Em tempos em que as pessoas não se dão conta que o tempo é algo precioso e se desesperam para ganhar dinheiro; em que as pessoas perdem horas no trânsito; em que as pessoas apressadas se esquecem de saudar os outros com um bom e sonoro “bom dia!”; em que as pessoas por demais afobadas não se lembra de dar notícias e nem buscar as novas lado de cá; a minha avó sabia a arte de reter o tempo em suas mãos. Tudo nela era simples e perfeito. Ela vivia cada minuto prazeirosamente e de forma intensa. A minha avó não tinha pressa. Tudo o que a minha avó fazia era recheiado de paciência e bem querer.

Perto da minha avó o tempo parecia parar pra escutar as suas lembranças! Em tempos de cercas elétricas (invenção necessária dos nossos tempos) e caras amarradas; de vizinhos sisudos e mal humorados; em que se atende e despacha as pessoas pelo interfone; em que se mora a vida inteira ao lado de uma pessoa sem o minimo interesse de se saber quem é e se fazer uma boa amizade; a minha avó era empática! Se o vizinho ou um conhecido estivesse doente ela visitava, ela levava ajuda, ela trazia sua presença que reconfortava. Mas se estivesse bem, ela visitava também! Minha avó gostava de compartilhar dores e ou alegrias. Minha avó gostava de gente!

Em tempos em que as pessoas continuam amedrontadas, imperfeitas, impacientes, intolerantes e agressivas; a minha avó parecia uma melodia divina pronta e acabada! Por onde se apreciasse minha avó era impossível achar alguma coisa que precisasse de retoque.

Á todos os vizinhos, amigos, parentes, aos que chegavam em sua casa pela primeira vez, ela sempre recebia bem! Um costume daqueles tempos em que ela viveu e que não voltam mais, ela sempre “passava um cafezinho novo pra visita!”.

Ah! Os finais de ano! Sempre e por vontade dela nos reuníamos em sua casa! Nestas datas, com a comida farta e muita bebida, sempre adentramos a madrugada! A minha avó estava ali do lado, rindo e conversando com todos! Ela era a última a ir dormir!

Ah! Se fosse escrito um livro sobre minha avó, a sua benção seria um capítulo a parte.
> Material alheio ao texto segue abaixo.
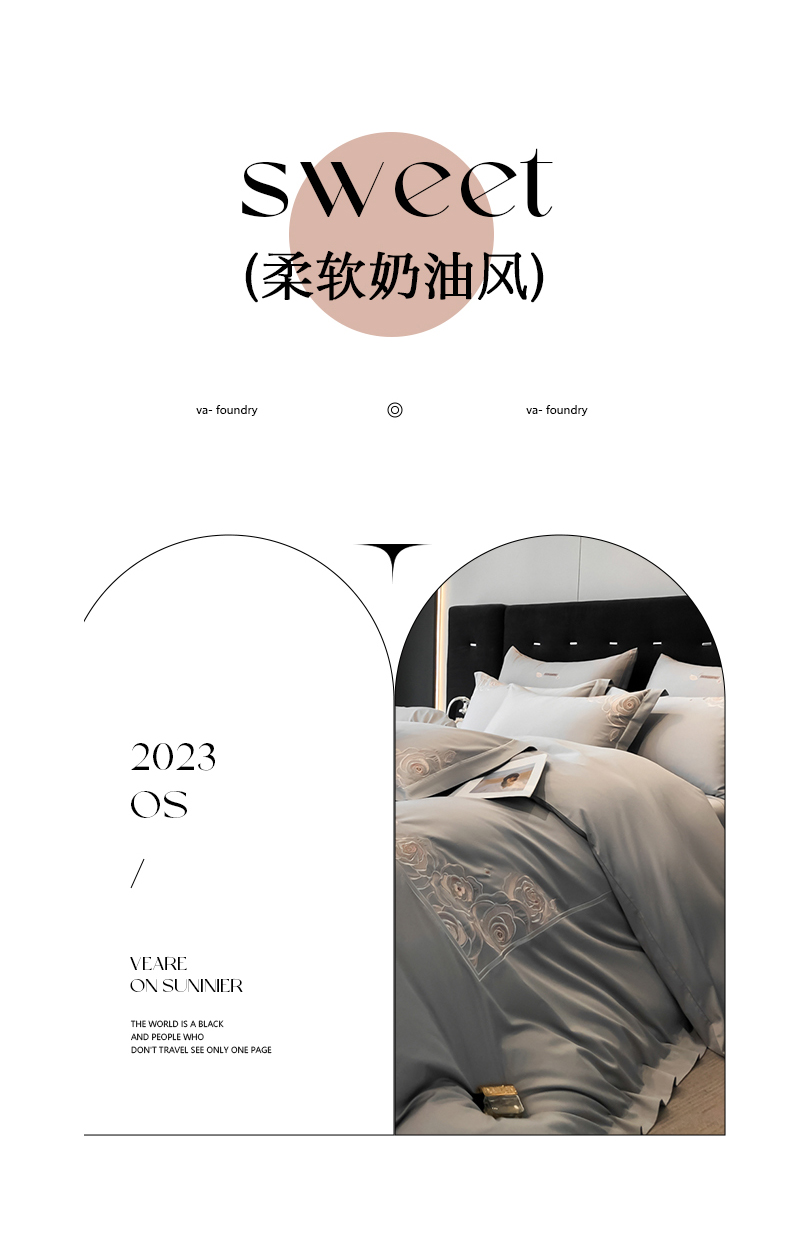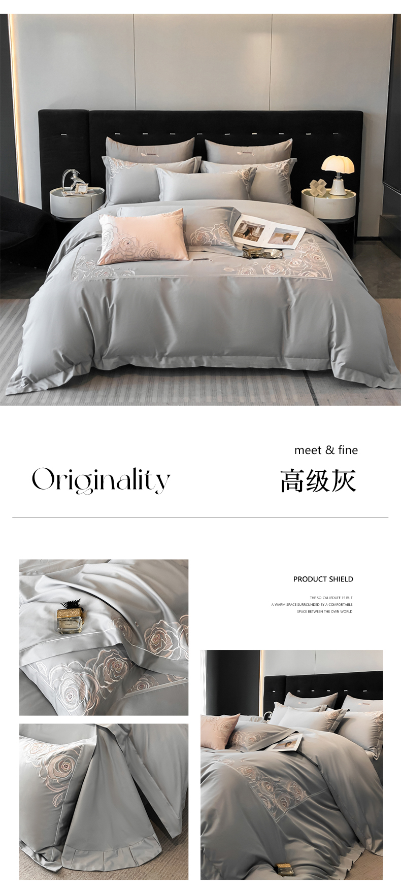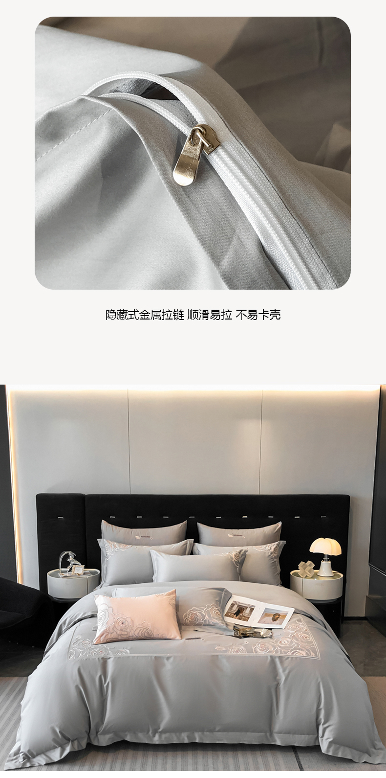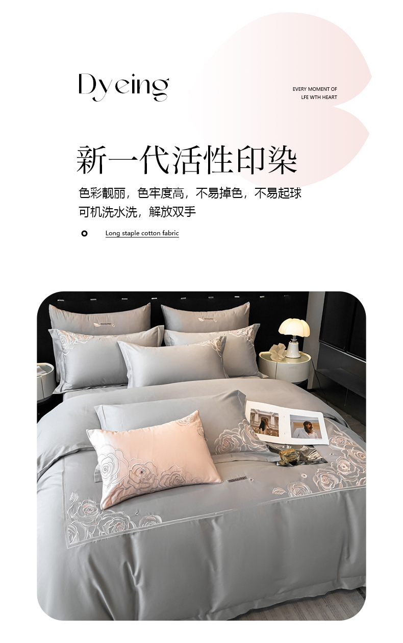 商品名称:魅都 100s长绒棉简约轻奢刺绣四件套 婉玉-高级灰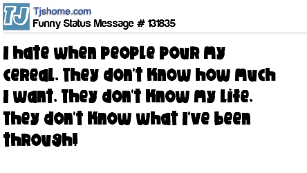 - # 125774 I hate when people pour my cereal. They don't know how much I want! They don't know my life! They don't know what I've been through!!!

Como era bom adentrar naquela varanda ou naquela casa e ela imediatamente vinha ao nosso encontro. Humildemente pedíamos um voto de proteção: “__A benção vó!”

E parece que, neste instante, a vejo em minha frente, sorrindo e respondendo: “___A benção menino(a)! Deus te dê boa sorte!”. E na hora de ir embora ela sempre acompanhava até o portão, todas as pessoas que a visitavam. Pra minha avó este costume era um ritual! Me lembro que da última vez que a vi com vida, quando o seu destino de morte já estava selado, ainda assim, ela se levantou e veio caminhando, ainda que lentamente, até a saída da varanda. A enfermidade já não a deixou chegar até o portão!

Me lembro que, muitas e muitas vezes brincava com ela dizendo: “___Vó, a senhora é um anjo!” Ela ria, daquele jeito que só ela sabia, e respondia:

“ ____Menino, anjo tá no céu!”.

Agora vó, tenho certeza que a senhora voltou para o lugar de onde um dia, a senhora, avoou!

PS: Querida avó, escrevo-lhe esta, para dizer onde que quer que você neste momento esteja, você faz e sempre vai fazer uma falta incomensurável dentro de todos nós! Sabe vó, tudo aqui lembra você! Por isso a saudade faz um bolo na garganta bem dificil de engolir. A sua risada ainda ecoa na varanda e ainda mais dentro de nós! A sua benção vó!